Erschienen in:
24.01.2020 | Original Article
Plasma vasohibin-1 and vasohibin-2 are useful biomarkers in patients with esophageal squamous cell carcinoma
verfasst von:
Miho Yamamoto, Soji Ozawa, Yamato Ninomiya, Kazuo Koyanagi, Junya Oguma, Akihito Kazuno, Hitoshi Hara, Kentaro Yatabe, Hiroshi Kajiwara, Naoya Nakamura, Yasufumi Sato
Erschienen in:
Esophagus
|
Ausgabe 3/2020
Einloggen, um Zugang zu erhalten
Abstract
Background
Vasohibins (VASH), which are angiogenesis regulators, consist of Vasohibin-1 (VASH1) and Vasohibin-2 (VASH2). VASH1 is an angiogenesis inhibitor, while VASH2 is a proangiogenic factor. Patients with esophageal squamous cell carcinoma (ESCC) with high tumor expression levels of VASH1 and VASH2 have been reported to show a poor prognosis. The clinical significance of VASH concentrations in the blood of patients with ESCC has not yet been investigated.
Methods
Plasma samples from 89 patients with ESCC were analyzed, and the relationships between the plasma VASH concentrations and the clinicopathological factors of the patients were evaluated.
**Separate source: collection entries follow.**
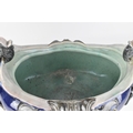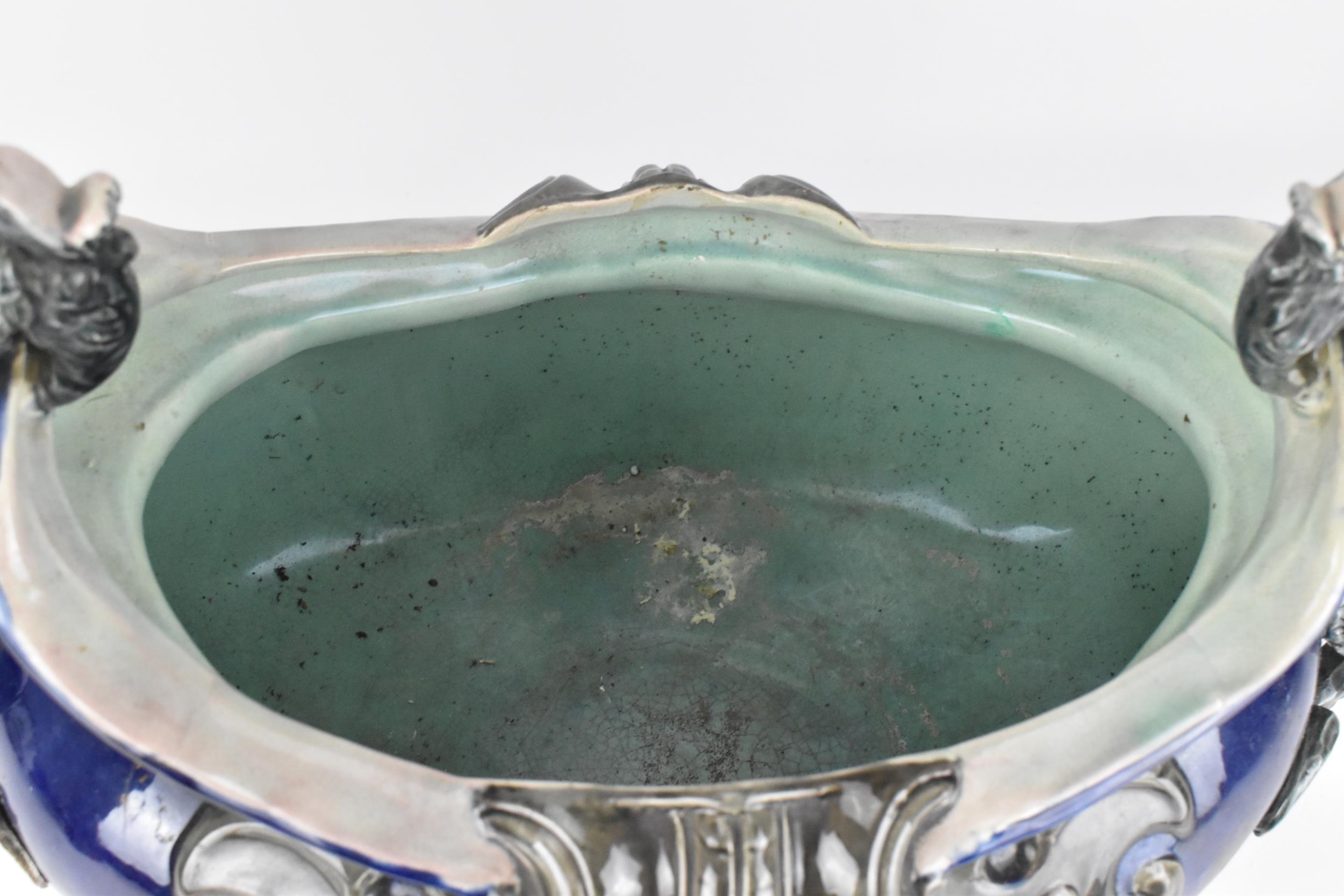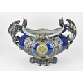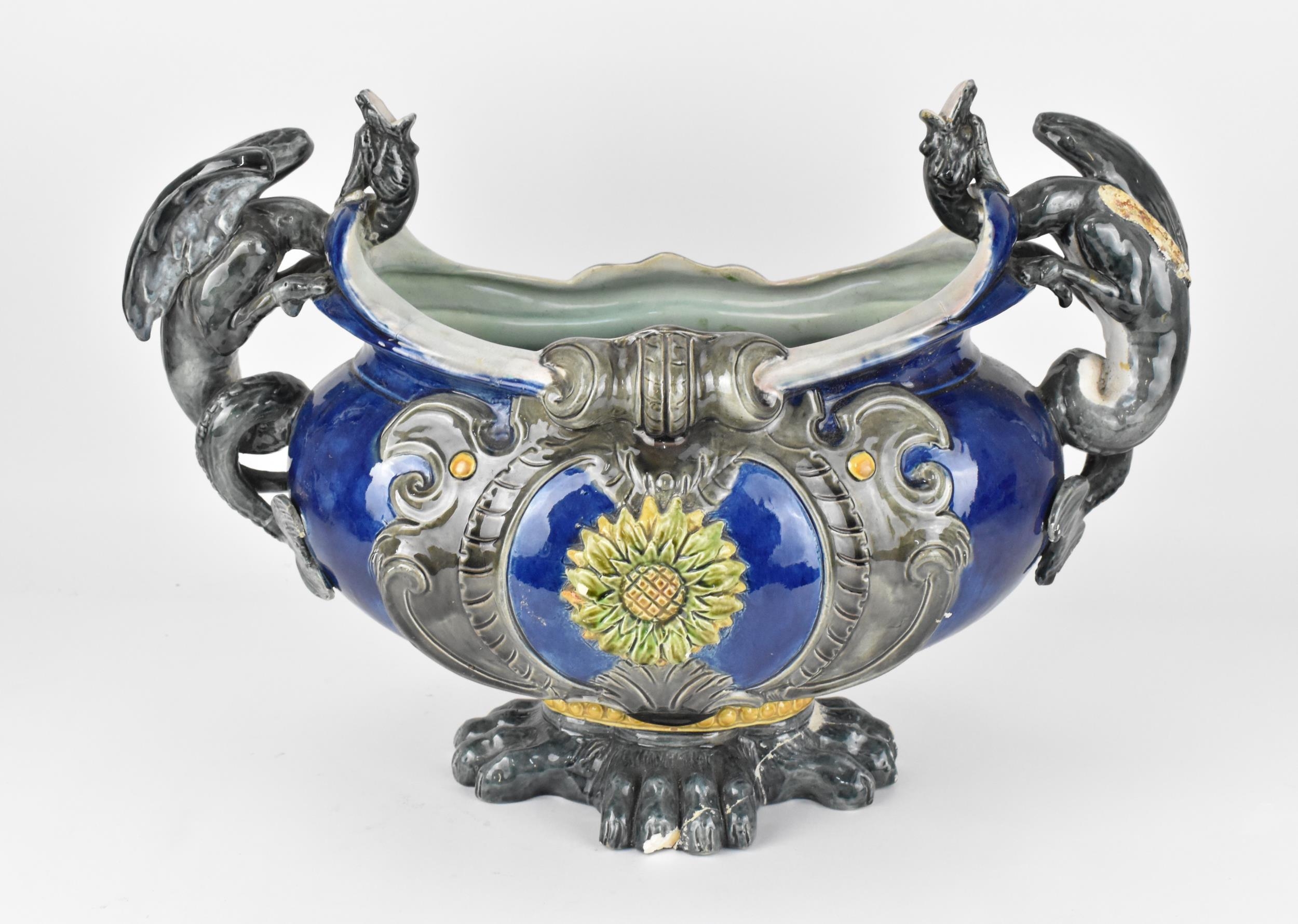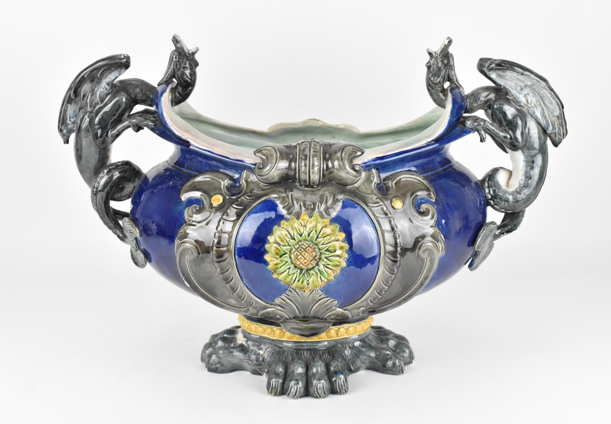 A Continental majolica jardiniere, possibly French, flanked with winged dragon handles, the oval body with cobalt blue ground and central cartouche with sunflower, supported on four paw feet, unmarked, 48.5 cm wide x 33 cm high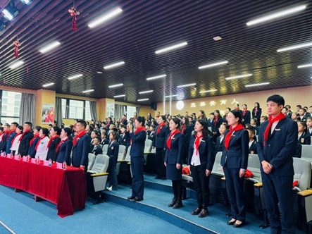 少先队员们共同唱响《中国少年先锋队队歌》,用嘹亮的歌声表达对党、对祖国、对少先队组织的热爱和祝福。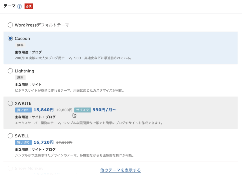 登録したいユーザー情報を入力すると、WordPressテーマをここで選択(テーマによっては購入)します。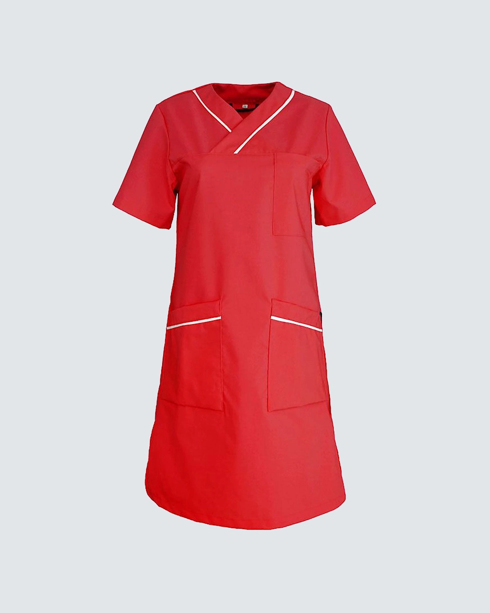 Hienoja yksityiskohtia sisältävä työmekko umpisaumalla kaulan ja taskujen kohdalla. Mekossa on rintatasku ja kaksi tilavaa lonkkataskua. Sivuhalkioiden ansiosta saat mukavan vaatteen, jossa on runsaasti liikkumavaraa.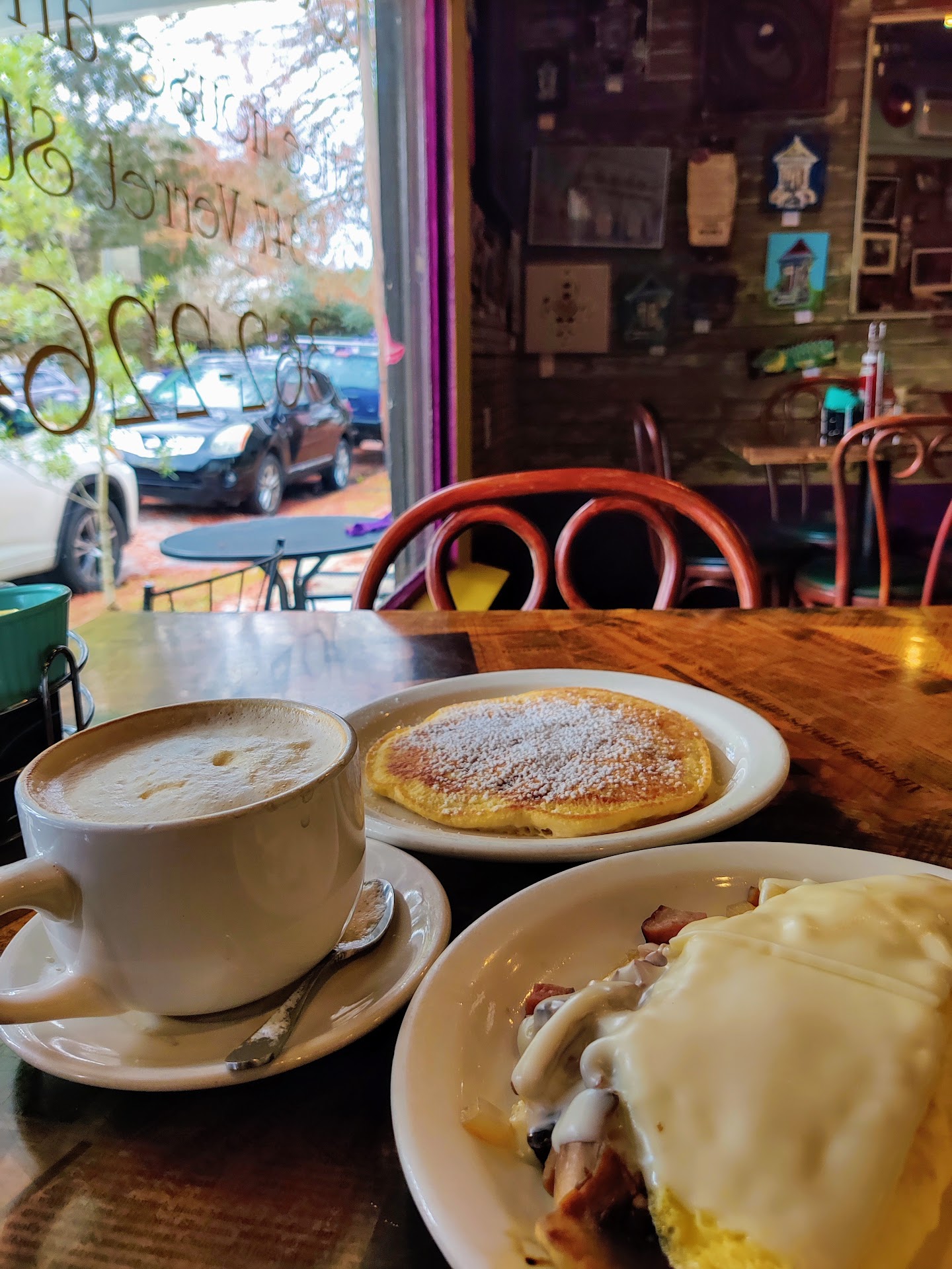 Read moreThis review was long overdue. This was a great find for us. We were in New Orleans for a couple of days. Algiers point is a must see when you are in New Orleans, with its beautiful french style houses and quiet neighborhood. It's just so beautiful by the Mississippi river. And this breakfast cafe is the best there is to get some amazing breakfast. It's a really popular cafe, both with locals and tourists. It was almost occupied when we got there. We had bar stools by the window. They make some fresh beans espresso and other coffees. The fresh smell of coffee filled the cafe. We ordered some coffee, pancakes and the Poche, which was eggs and andouille sausage with sauce on grits and boy it was delicious. The andouille sausage was so good, I still have that taste on my mind. The grits was amazing, too. I had never been a fan of grits but they made me love that grits. The whole combination was so sumptuous. It was great. The pancakes were amazing, too. They were fluffy and tasted amazing. I enjoyed the breakfast so much I left my car keys behind and by the time I remembered my keys were missing, I was on the other side of the river and the place was already closed. Good thing about New Orleans is the public transportation is really good. I had parked my car at the hotel. I went back next morning and the owner had safely kept my keys. It was hot when I got there. She offered me chilled water. She was real nice. This place is a must go when you are in Algiers point. Can't recommend this...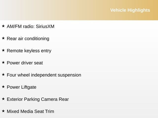 • Stay connected with SiriusXM radio, Apple CarPlay/Android Auto, and the Exterior Parking Camera Rear.

Immunohistochemical examination (IHC) of the resected tumor specimens for VASH was performed in 56 patients, and the correlation between the plasma VASH concentrations and tumor expression levels of VASH was analyzed.
Results
The patient group with high plasma concentrations of VASH1 showed a higher frequency of lymph node metastasis (P = 0.01) and an invasive growth pattern (P = 0.05). Furthermore, poorly differentiated cancer occurred at a higher frequency in the patient group with high plasma concentrations of VASH2 (P < 0.01). High tumor expression levels of VASH1 were encountered more frequently in the patient group with high plasma concentrations of VASH1 (P = 0.03), and high tumor expression levels of VASH2 were encountered more frequently in the patient group with high plasma concentrations of VASH2 (P = 0.04).
Conclusions
In patients with ESCC, high plasma concentrations were associated with poor clinical outcomes for both VASH1 and VASH2. We propose that results indicate that plasma VASH1 and VASH2 are useful biomarkers in patients with ESCC.